Да, именно его она видела месяц назад в Омске, на выпускном концерте детей в музыкалке. Только она не поверила, что он может прийти с детьми, неоткуда им у него взяться. А Анна убедила себя, – гладко выбритый кавказец, улыбающийся тонкими красивыми губами во весь рот, всего лишь похож на контролёра. Её преследователь никогда не расставался с бородой, как и должно ваххабиту, и всюду был хмур, а там, во втором ряду кресел сидел обычный жизнерадостный человек. И, если бы, он не смотрел на неё так пристально, она не ушла бы с праздника столь скоро.
Передав ключи от съёмной однушки соседке и не предупредив хозяина квартиры, что съезжает, Анна помчалась на автовокзал, где не раздумывая, отдала таксисту ту сумму, которую он потребовал за провоз в другой регион. О том, что ехать вновь придётся через Новосибирск, она не подумала, а когда стояли в нескончаемых пробках этого каменного гиганта, убедила себя – здесь ей ничего не угрожает. Контролёра здесь больше нет, он остался в Омске и, досадуя на себя, уже снова ищет её, пребывая в жуткой ярости.
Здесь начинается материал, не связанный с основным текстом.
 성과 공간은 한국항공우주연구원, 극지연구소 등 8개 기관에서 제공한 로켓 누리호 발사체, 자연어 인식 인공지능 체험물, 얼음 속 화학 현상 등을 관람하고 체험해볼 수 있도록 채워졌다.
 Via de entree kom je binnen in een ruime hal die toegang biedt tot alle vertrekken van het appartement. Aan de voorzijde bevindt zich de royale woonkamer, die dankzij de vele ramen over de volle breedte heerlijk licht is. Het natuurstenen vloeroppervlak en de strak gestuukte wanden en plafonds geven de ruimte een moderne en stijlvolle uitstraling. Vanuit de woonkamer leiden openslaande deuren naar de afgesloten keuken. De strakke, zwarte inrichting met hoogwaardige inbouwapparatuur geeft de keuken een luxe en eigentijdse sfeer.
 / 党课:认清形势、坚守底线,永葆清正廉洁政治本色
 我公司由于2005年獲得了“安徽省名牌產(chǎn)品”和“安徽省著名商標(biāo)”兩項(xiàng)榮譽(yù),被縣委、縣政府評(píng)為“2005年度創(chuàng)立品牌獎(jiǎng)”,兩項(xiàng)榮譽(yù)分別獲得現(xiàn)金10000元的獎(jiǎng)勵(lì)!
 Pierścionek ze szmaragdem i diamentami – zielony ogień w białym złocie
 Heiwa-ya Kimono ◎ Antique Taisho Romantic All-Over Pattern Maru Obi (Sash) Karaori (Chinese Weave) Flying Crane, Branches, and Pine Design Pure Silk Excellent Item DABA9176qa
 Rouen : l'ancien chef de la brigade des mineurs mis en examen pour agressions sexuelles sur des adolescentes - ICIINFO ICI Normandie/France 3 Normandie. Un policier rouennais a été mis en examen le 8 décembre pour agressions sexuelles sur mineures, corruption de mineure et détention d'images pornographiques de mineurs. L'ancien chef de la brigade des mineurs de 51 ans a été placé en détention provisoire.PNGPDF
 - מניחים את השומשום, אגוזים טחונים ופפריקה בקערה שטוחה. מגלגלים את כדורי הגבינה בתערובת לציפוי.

И, всё-таки, теперь, закончившимся уже вечером, её преследовал он. Контролёр. Больше попросту некому. А она, идиотка несусветная, только сейчас сообразила, таксист, так легко согласившийся на дальнюю поездку и привезший её в Кемерово, тоже был кавказцем. И глупо сомневаться, что именно через него контролёр столь быстро нашёл её в другом уже городе. У него везде свои люди, иначе он не был бы тем, кто есть. Ей ли не знать. И об этом говорило уже одно то, что пять лет назад к теракту в незнакомом, чужом Новосибирске, у них всё было готово меньше, чем за полнедели. И только излишняя самоуверенность да обнажённое тело Анны, которое так нравилось её мужу, беспощадно обманули тогда контролёра.
Но больше он промашки не допустит. Пока она жива, ему самому дальше никак нельзя. А потому нынче уже точно всё!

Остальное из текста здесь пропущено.